## EXERCISE:
Could the data below be copied exactly, minus the pictures?

(Beginning of DATA SEGMENT)

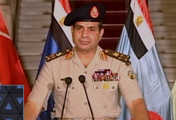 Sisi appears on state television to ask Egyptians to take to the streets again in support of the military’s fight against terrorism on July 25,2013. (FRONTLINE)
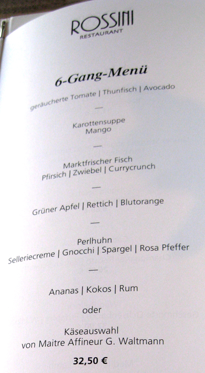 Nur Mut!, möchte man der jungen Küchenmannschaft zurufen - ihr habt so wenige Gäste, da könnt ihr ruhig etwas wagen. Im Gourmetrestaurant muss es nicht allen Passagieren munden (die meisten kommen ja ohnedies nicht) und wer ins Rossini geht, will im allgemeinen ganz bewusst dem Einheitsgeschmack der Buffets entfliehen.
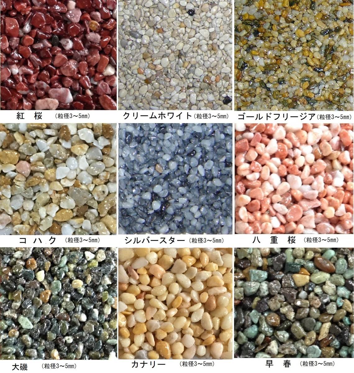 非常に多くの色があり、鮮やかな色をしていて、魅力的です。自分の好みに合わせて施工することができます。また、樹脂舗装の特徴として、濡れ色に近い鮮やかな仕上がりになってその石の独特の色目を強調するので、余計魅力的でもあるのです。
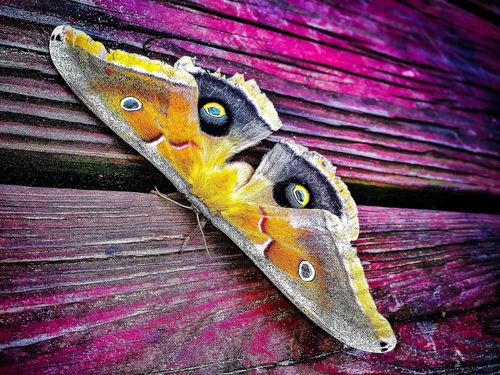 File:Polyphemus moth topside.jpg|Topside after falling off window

(End of DATA SEGMENT)

## FINISHED TASK:
 Sisi appears on state television to ask Egyptians to take to the streets again in support of the military’s fight against terrorism on July 25,2013. (FRONTLINE)
 Nur Mut!, möchte man der jungen Küchenmannschaft zurufen - ihr habt so wenige Gäste, da könnt ihr ruhig etwas wagen. Im Gourmetrestaurant muss es nicht allen Passagieren munden (die meisten kommen ja ohnedies nicht) und wer ins Rossini geht, will im allgemeinen ganz bewusst dem Einheitsgeschmack der Buffets entfliehen.
 非常に多くの色があり、鮮やかな色をしていて、魅力的です。自分の好みに合わせて施工することができます。また、樹脂舗装の特徴として、濡れ色に近い鮮やかな仕上がりになってその石の独特の色目を強調するので、余計魅力的でもあるのです。
 File:Polyphemus moth topside.jpg|Topside after falling off window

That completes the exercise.